Is the system kind of unresponsive (during these spikes) or is it just a “visual” thing?


(Philipp Näther) #9

Not so unusual for me. As you already figured out, some checks consume more CPU utilization than others. SNMP can be a problem sometimes, the hw/sw inventory is a huge factor and some other checks too. We have 110 hosts with 2600 services (direct SNMP checks by far not as much as TCP checks) on a physical machine with an crippling old Xeon E5410 with 4 Cores @ 2,33 GHz. Here my utilization over 1 year:

111

As you can see the system is running on well over 20% total with some heavy peaks aswell. As long as your system doesn’t get unresponsive, as Wolfgang mentioned, I wouldn’t bother. Just give it some more cores, that’s it.


(Chris Gregson) #10

I’d say it’s mostly a ‘visual thing’ - The Web UI can seem a little unresponsive - especially if I’m making edits to a large amount of services. But - I’d mostly put that down to I/O - since it’s shared on an NFS datastore.


(Chris Gregson) #11

Your CPU utilisation is pretty damn close to what I’m seeing on average (between 35-40% with spikes) both in vSphere and from the RRD graphs.

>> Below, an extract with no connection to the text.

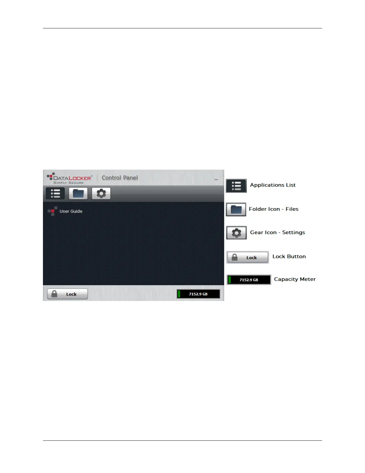 1. Click Lock in the bottom left-hand corner of the DataLocker Control Panel to safely lock your

I’ve given the VM a couple more cores and resigned it as just being a given.

I suppose the first couple of responses to this post threw me off a bit - so I have no idea how they are seeing such lower utilisation given the number of hosts/services and/or plugins present.

P.S - I’m not using hardware/software inventory. I was initially, but found the spikes a little worse.


#12

Well, so far each one only mentioned the number of objects but the check interval is a relevant factor, too. Checking the objects every minute creates another load than checking them every five minutes. Interface traffic, load are more important than disk space so it might be an option to change the check interval for some objects.


#13

I have a couple of VMs with Check_MK monitoring my IT infraestructure; one with 1.2.8 and other with 1.5.0p7 (upgraded from an 1.4.0p37) and the new version is pretty bad about performance levels, the Load average in the old ones was between 1 or 2 but in the new one with 3 cores is moving between 10 and 20.

I hope in future versions the developers can solve this issue.